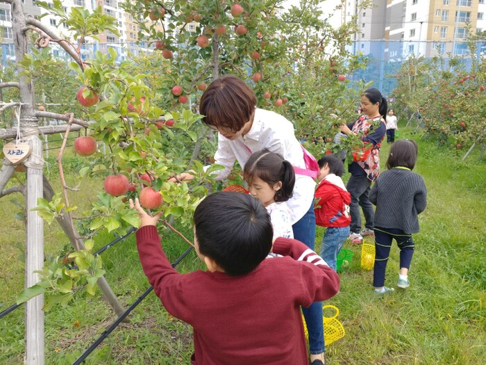 사진/ 과수공원 프로그램 체험 중인 참가자들(사진제공=수원시)
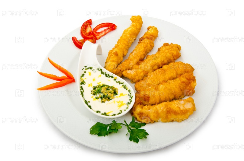 Жареные куриные палочки и овощная приправа на тарелке, белый фон
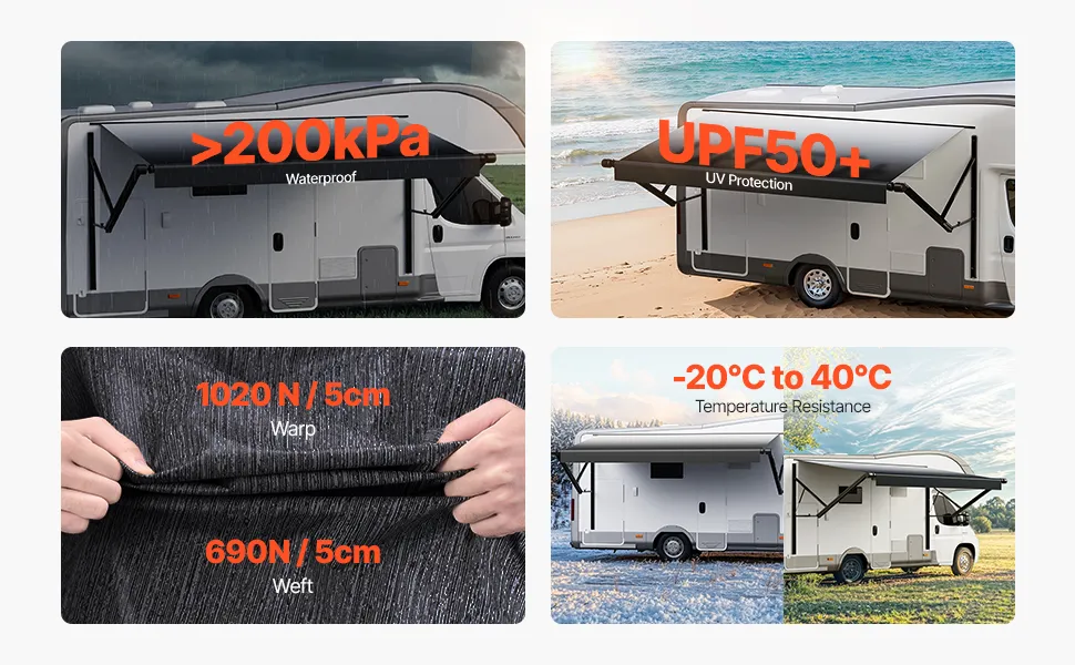 Impermeabile, resistente al sole, antistrappo e alle intemperie, la tenda da sole per rimorchio è ideale per le attività all'aperto in tutte le stagioni. Grazie a queste caratteristiche, la tua famiglia può godere di ombra affidabile e protezione indipendentemente dalla stagione.
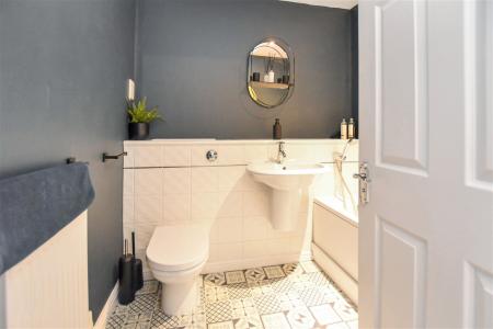This property boasts five generous bedrooms and three modern bathrooms, offering ample space and flexibility. Outside, the property features a front grassed garden with full borders and a slabbed pathway, while the rear showcases a low-maintenance stone flagged courtyard, providing private outdoor space and convenient access to the off-street parking area.
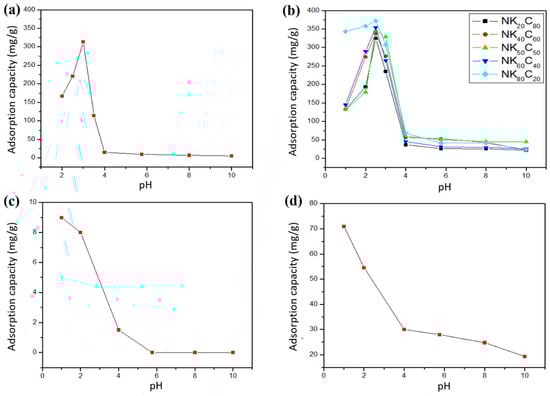 Effect of pH on the adsorption capacity of (a) chitosan, (b) nanocomposites (NCPs), (c) kaolinite, and (d) activated charcoal.
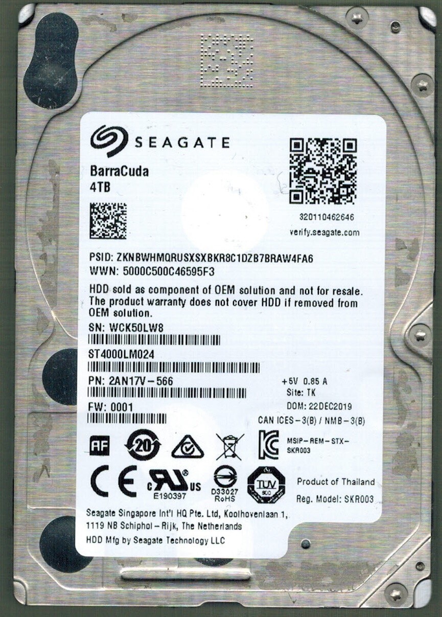 ST4000LM024 P/N: 2AN17V-566 F/W: 0001 S/N: WCK5 TK 4TB DEC 2019 THAILAND SEAGATE
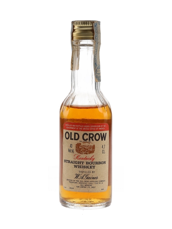 A miniature bottle of Old Crow Kentucky Straight Bourbon Whiskey. The bottling code indicates the bottle was made in 1971.
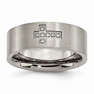 Titanium Brushed Diamond Cross Flat Wedding Band Ring
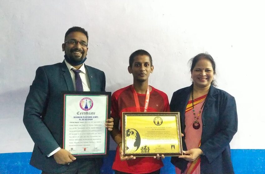 Anurag Rajesh Varma, born on April 25, 2003, a promising young martial arts player from Mumbai, has set a new record with an incredible feat of agility and speed. Son of Mrs. Shyamadevi and Mr. Rajesh Tribhuvan Varma, Anurag successfully completed 32 platform jumps in just 30 seconds on a 2-feet high table.
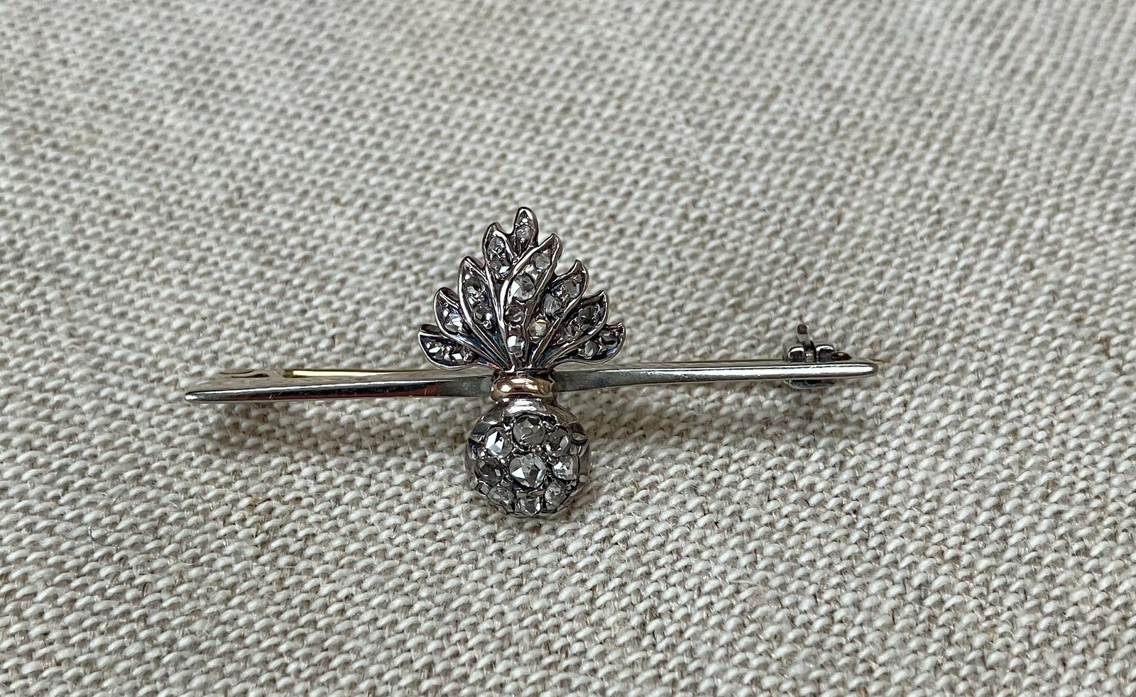 Rose Cut Diamond & Gold Military Sweetheart Brooch
§
◆ Exercise details
Using the records above, print exactly the run of lines that starts with the line with "ST4000LM024 P/N: 2AN17V-566" and goes on through the line with "Titanium Brushed Diamond", pictures excluded.

◆ Exercise result
 ST4000LM024 P/N: 2AN17V-566 F/W: 0001 S/N: WCK5 TK 4TB DEC 2019 THAILAND SEAGATE
 A miniature bottle of Old Crow Kentucky Straight Bourbon Whiskey. The bottling code indicates the bottle was made in 1971.
 Titanium Brushed Diamond Cross Flat Wedding Band Ring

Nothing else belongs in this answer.